Multi-Language and Multi-Prover Verification with SAWScript
Presented as part of the 2015 HCSS conference.
Abstract:
SAWScript is a domain-specific language for orchestrating software analysis tasks, including formal proofs, that may involve multiple programming languages and multiple formal analysis tools, as part of the Software Analysis Workbench (SAW). SAWScript allows users to build and manipulate formal models representing the full semantics of code under analysis, from a variety of languages, including LLVM, JVM, and Cryptol. These formal models are represented within a single intermediate language, and can then be combined, transformed, and emitted to external proof tools such as SAT/SMT solvers and interactive theorem provers.

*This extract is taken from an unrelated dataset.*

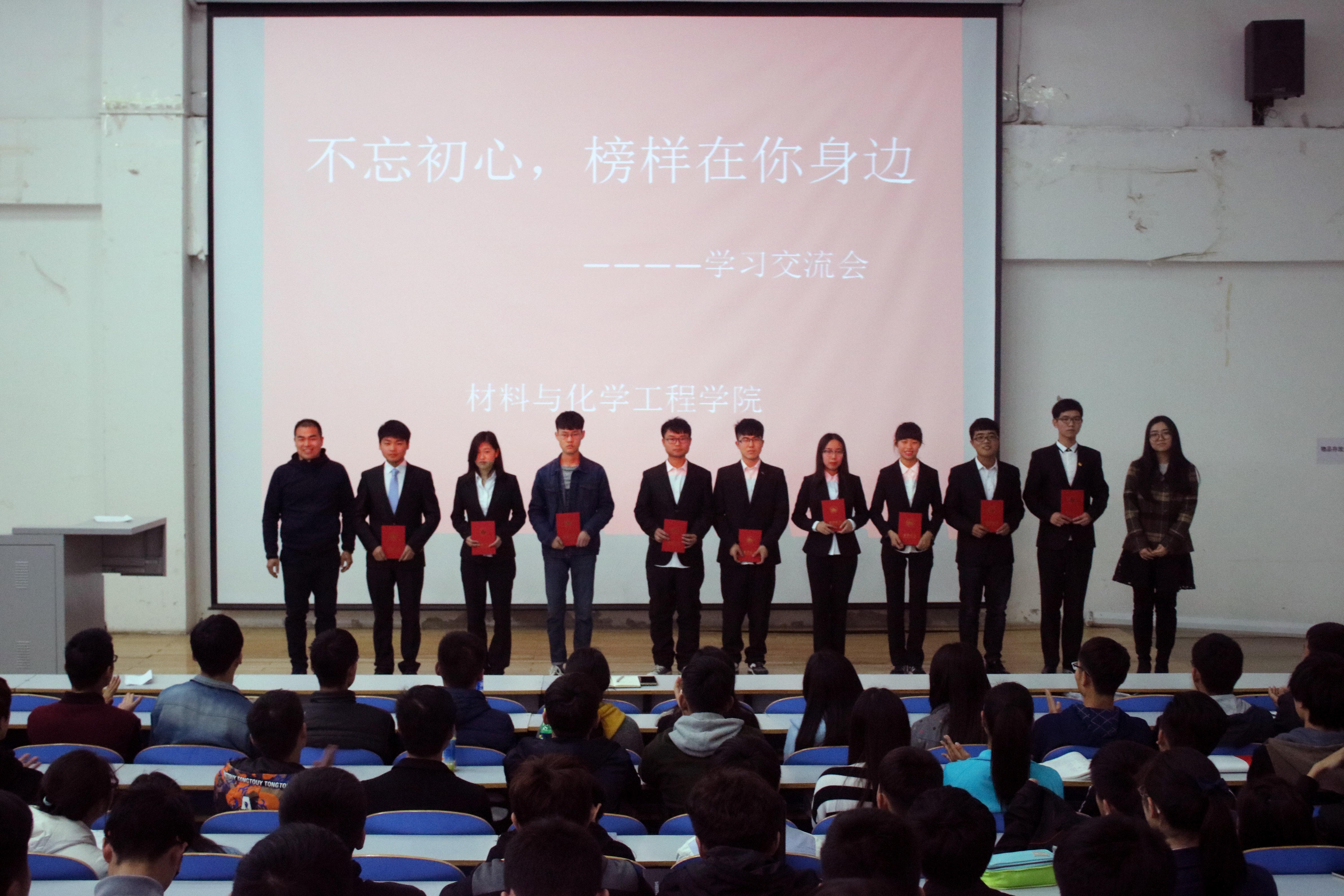 在主持人的简单开场后,朱老师首先上台致辞,讲述了本次活动的目的和意义。王老师在随后的发言中指出,她希望同学们在这次活动中有所得,有所学。接着,9位“学霸”依次为同学们分享了他们的学习方法和技巧,这九名同学平均学分绩点均在3.8以上,都是班级公认的学习“达人”。其中,王欣然同学的“心若在,理想之路就不远”;翟宁辉同学的“生命不息,奋斗不止”让同学们感触颇深,赢得了阵阵掌声;新材器16-01班的孙明辉同学介绍了他的大学生活所获,他提出要有正确的生活态度和端正的学习态度才能使自己劳逸结合。九名优秀的同学给大家分享自己的学习生活经验。在交流过程中,发言的同学以朴实却不失精妙的语言将自己的学习方法毫无保留地与同学们分享,使在场的同学获益匪浅。之后两位老师为优秀学生颁发奖状并合影留念。最后,由朱老师对活动进行总结,并指出学习要有恒心、有目标、有规划、立长志,对同学们给予更高的期望。

Using SAWScript allows an automated and integrated proof process, replacing what would otherwise have been a tedious and error-prone effort of manually combining results from a collection of subsidiary proof attempts. SAWScript is an integrated, interactive environment. It is not restricted to analyzing systems written in a single language, and one can compare, say C and Java implementations within the same SAWScript session. SAWScript also allows a variety of external solvers and proof tactics to be used within a single proof attempt. One could, for example, use one tool for reasoning about portions of the code involving arithmetic, and another for reasoning about bit-level semantics.
SAWScript has been used to verify equivalence of a number of production-quality algorithms, including implementations of Suite B cryptographic primitives from the OpenSSL and BouncyCastle libraries. This talk will demonstrate the use of SAWScript on a number of examples of verification and analysis.
Biography:
Dr. Aaron Tomb is an engineer and researcher at Galois, Inc., where he leads efforts in formal methods and software analysis. Dr. Tomb has a Ph.D. in Computer Science from the University of California, Santa Cruz. His research interests focus on techniques for improving the quality of software, including type systems, static analysis techniques, automated and interactive theorem provers, and the use of high-level and domain-specific programming languages. He has led a number of projects at Galois aimed at detecting software bugs or proving their absence, using techniques such as symbolic simulation, axiomatic verification, model checking, and automated code generation from verified models.